Había caído el manto de la
oscuridad sobre las cimas de las montañas, los osos negros olisqueaban sus
presas relamiéndose como adelanto al festín. La temperatura cada vez más baja
convertía la humedad expulsada por los árboles en una lluvia muy fina,
salpicando de gotas los tonos tierra y el verde de la vegetación. Pese a llevar
bastante tiempo abandonada encontraron en la cabaña todo lo necesario para
pasar la noche, aunque desde luego no era el lugar más seguro para hacerlo.
Afuera, además de ruidos y crujidos, desconocidos y terroríficos, encontraron
trozos de madera y otros materiales como combustible para arder en la chimenea
y así caldear la choza. Poco a poco adquirió una temperatura mucho más
confortable, y la sensación de que el mundo, ajeno a ellas y a su particular
historia, se había detenido. La mujer conocía muy bien el terreno y el espacio
interior, por eso se movía con total exactitud y cuidado de no cambiar las
cosas de sitio. Opal Nelson, que tantas peleas había mantenido a lo largo de la
vida con la familia por su rechazo a la tenencia de armas, dadas las
circunstancias, agradeció que su madre llevase siempre el rifle en la
camioneta, por tanto, lo cogió y se lo metió dentro quedándose más tranquila.
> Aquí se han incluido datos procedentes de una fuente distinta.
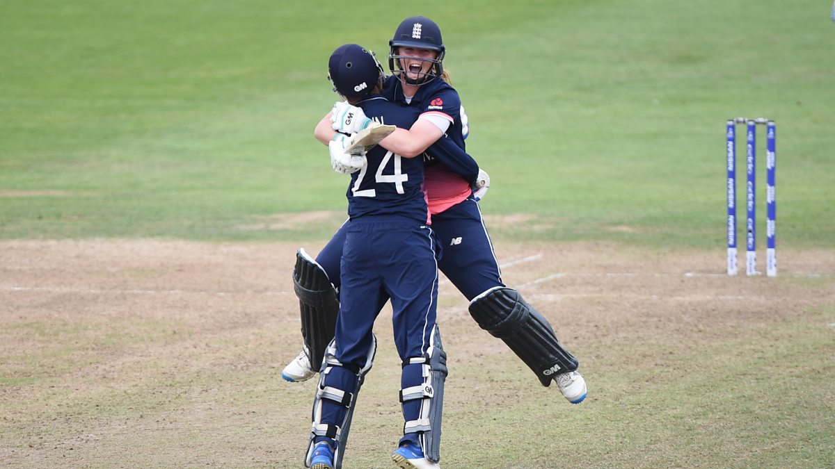 Somerset's Anya Shrubsole speaks to Henry Moeran after hitting the winning runs to put England into the World Cup Final.
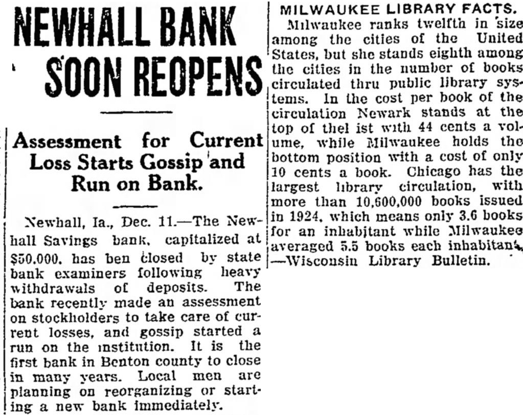 NEWHALL BANK SOON REOPENS Assessment for Current Loss Starts Gossip and Run on Bank. Newhall, Ia., Dec. 11.-The Newhall Savings bank. capitalized at $50.000. has ben closed by state bank examiners following heavy withdrawals of deposits. The bank recently made an assessment on stockholders to take care of current losses, and gossip started a run on the institution. It is the first bank in Benton county to close in many years. Local men are planning on reorganizing or starting a new bank immediately. MILWAUKEE LIBRARY FACTS. Milwaukee ranks twelfth in size among the cities of the United States, but she stands eighth among the cities in the number of books circulated thru public library systems. In the cost per book of the circulation Newark stands at the top of thel ist with 44 cents a volume, while Milwaukee holds the bottom position with a cost of only 10 cents a book. Chicago has the largest library circulation, with more than 10,600,000 books issued in 1924. which means only 3.6 books for an inhabitant while Milwaukee averaged 5.5 books each inhabitan4 -Wisconsin Library Bulletin.

Hasta entonces no se percató de cuánto había envejecido su progenitora, del
aire contrariado como de enfado, de la expresión de amargura congénita, de la
falta de equilibrio desafiando al borde del precipicio, al vacío, al abismo.
Sin embargo, se recompuso una vez más, apartó un mechón de pelo de la frente y
retomó la conversación.
–De
repente llegó una carta para la abuela Tillie, remitida por un tal Gunter –dijo
la madre de Opal Nelson mostrando un viejo sobre desgastado–. Como ella no
estaba en ese momento y tampoco sabía leer, la abrí, dentro incluía una breve
nota: “debo hablar con usted, tengo algo importante que contar, se trata de su
madre”, además de un pequeño mapa muy detallado para llegar hasta aquí y la
fotografía de un indio Cherokee. No supe reaccionar, los nervios bloquearon
todo tipo de reacción para salir de aquel hoyo, me temblaban las piernas y el
temor a que me arrancasen la cabellera ha vivido dentro de mí desde siempre.
Acababa de casarme con tu padre y no soportaba la idea al rechazo, figúrate
cómo se quedaría habiendo emparentado con una piel roja, de sólo pensarlo me
produjo nauseas, así que, busqué en el dormitorio un escondite donde guardarla.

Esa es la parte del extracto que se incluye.